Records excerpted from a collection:
★ ★ ★ ★
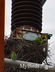 Гнездо квакеров на линии электропередач Автор JustUptown (2009 год) http://www.flickr.com/photos/justanuptowngirl/ |
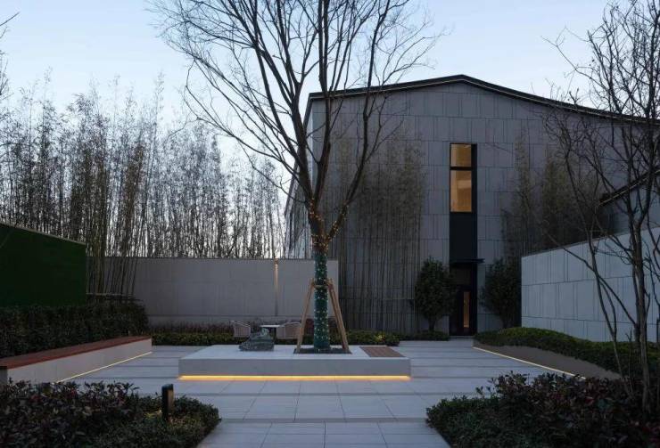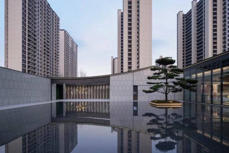 湖滨铂悦花园 ·生活美学馆,其景观艺术追求纯粹、简约、灵动的美学调性,这与建筑简洁、轻盈、留白的设计手法相呼应和统一。空间布局上以水为线索,通过现代手法重塑诗意江南的肌理与格局,剥离喧嚣,追求幸宁静祥和、幸福静谧之美。
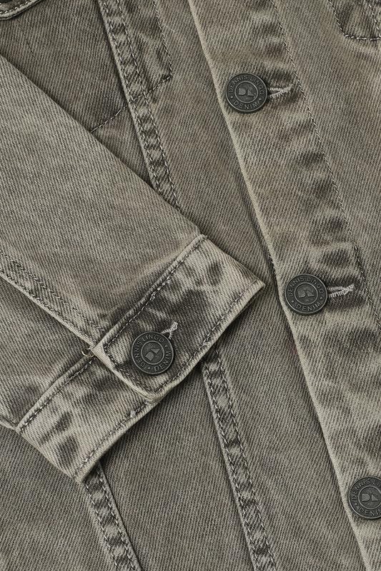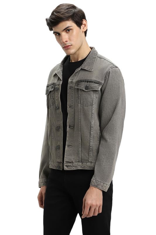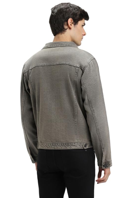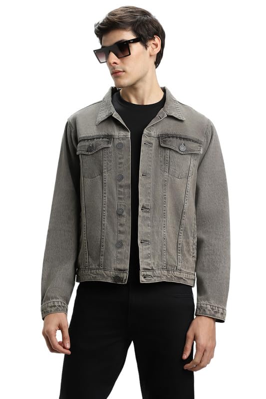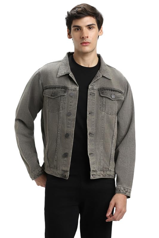 DENNIS LINGO Men’s Grey Washed Cotton Denim Jacket, Regular Fit Full Sleeves Regular Collar
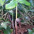 Arisaema exappendiculatum H.Hara is a tall species (up to 1.2 m) similar to A. concinnum with indistinguishable leaves and a green or purple inflorescence. The spathe hasn't a visible spadix appendage. This absence gives the name to this species. The margins of the spathe's limbs are overlapped, hiding the male or female spadix. The plant produces stolons each year that extend up to 50 cm from the tuber and a rich clump is formed in a short time. The first picture shows the plant while the spathe is still unfolding, the second picture shows the leaves, and the third shows the spathes unfolding one week later. Photos by Giorgio Pozzi, May 2008.
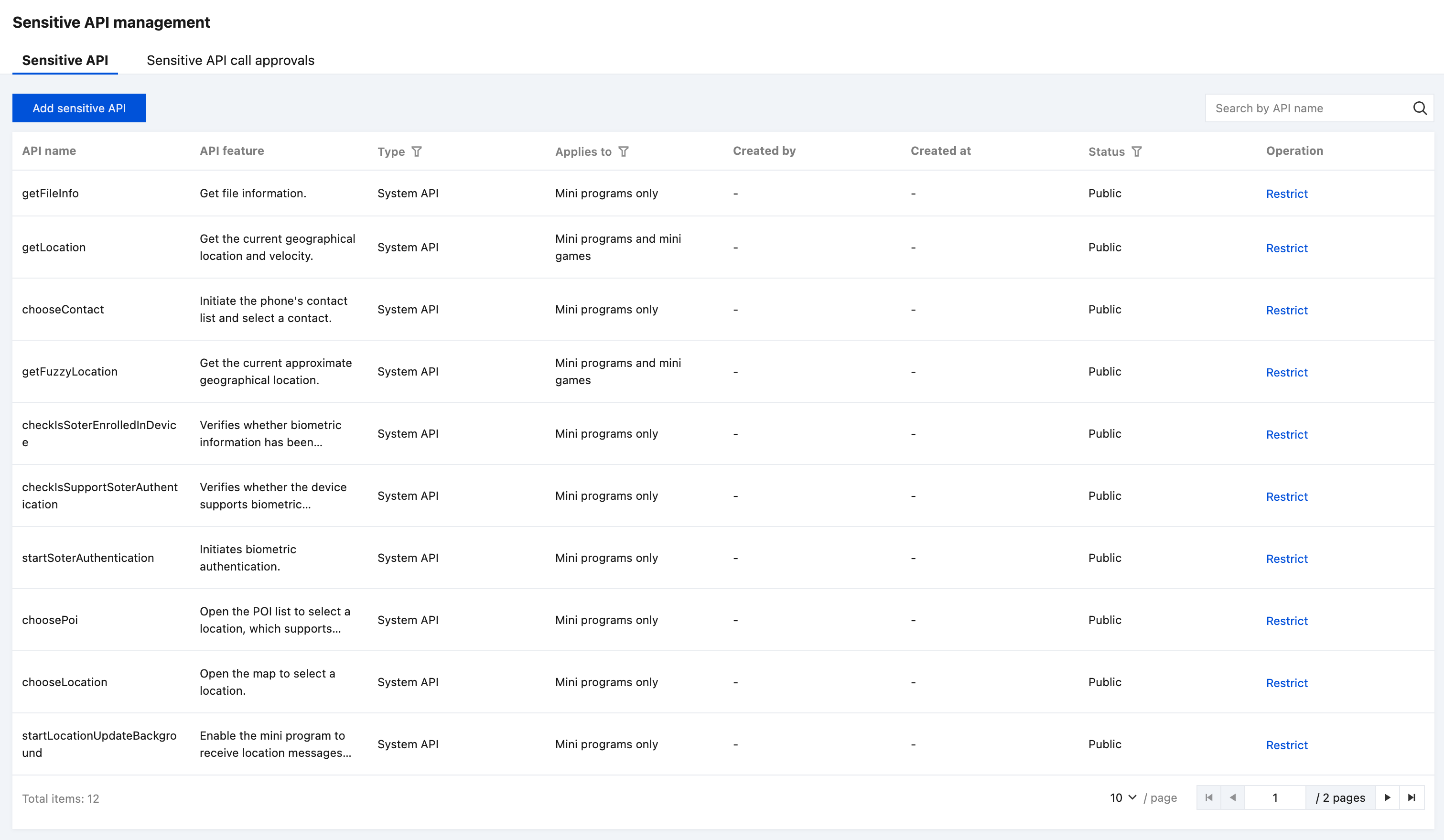 公开:处于公开状态下的 API,无需向 superapp 申请调用权限,可直接使用,单击“限制”操作,可将 API 状态变更为“受限”。
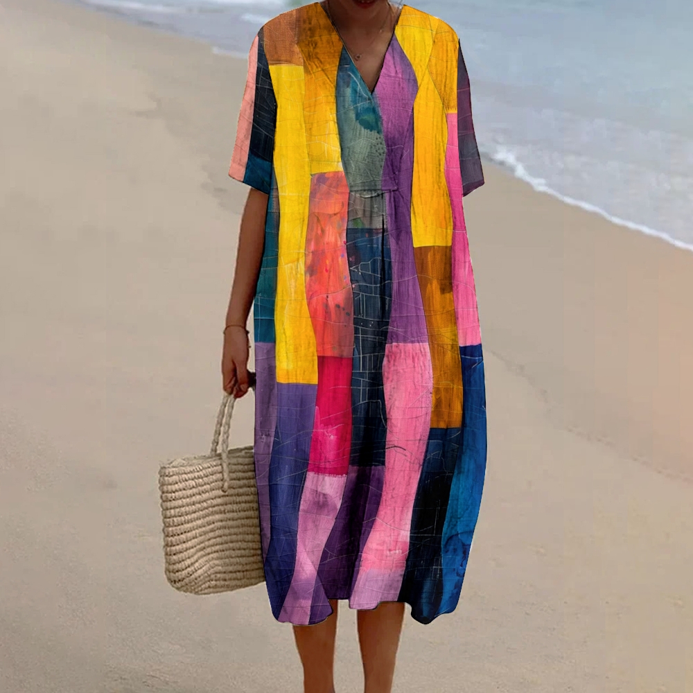 Women's Retro Plaid Abstract Art Print Casual 3/4 Sleeve Shirt
★ ★ ★ ★
Your task — The answer is a faithful copy of the records above, with the pictures removed.

Written answer —
 Гнездо квакеров на линии электропередач Автор JustUptown (2009 год) http://www.flickr.com/photos/justanuptowngirl/ |
 湖滨铂悦花园 ·生活美学馆,其景观艺术追求纯粹、简约、灵动的美学调性,这与建筑简洁、轻盈、留白的设计手法相呼应和统一。空间布局上以水为线索,通过现代手法重塑诗意江南的肌理与格局,剥离喧嚣,追求幸宁静祥和、幸福静谧之美。
 DENNIS LINGO Men’s Grey Washed Cotton Denim Jacket, Regular Fit Full Sleeves Regular Collar
 Arisaema exappendiculatum H.Hara is a tall species (up to 1.2 m) similar to A. concinnum with indistinguishable leaves and a green or purple inflorescence. The spathe hasn't a visible spadix appendage. This absence gives the name to this species. The margins of the spathe's limbs are overlapped, hiding the male or female spadix. The plant produces stolons each year that extend up to 50 cm from the tuber and a rich clump is formed in a short time. The first picture shows the plant while the spathe is still unfolding, the second picture shows the leaves, and the third shows the spathes unfolding one week later. Photos by Giorgio Pozzi, May 2008.
 公开:处于公开状态下的 API,无需向 superapp 申请调用权限,可直接使用,单击“限制”操作,可将 API 状态变更为“受限”。
 Women's Retro Plaid Abstract Art Print Casual 3/4 Sleeve Shirt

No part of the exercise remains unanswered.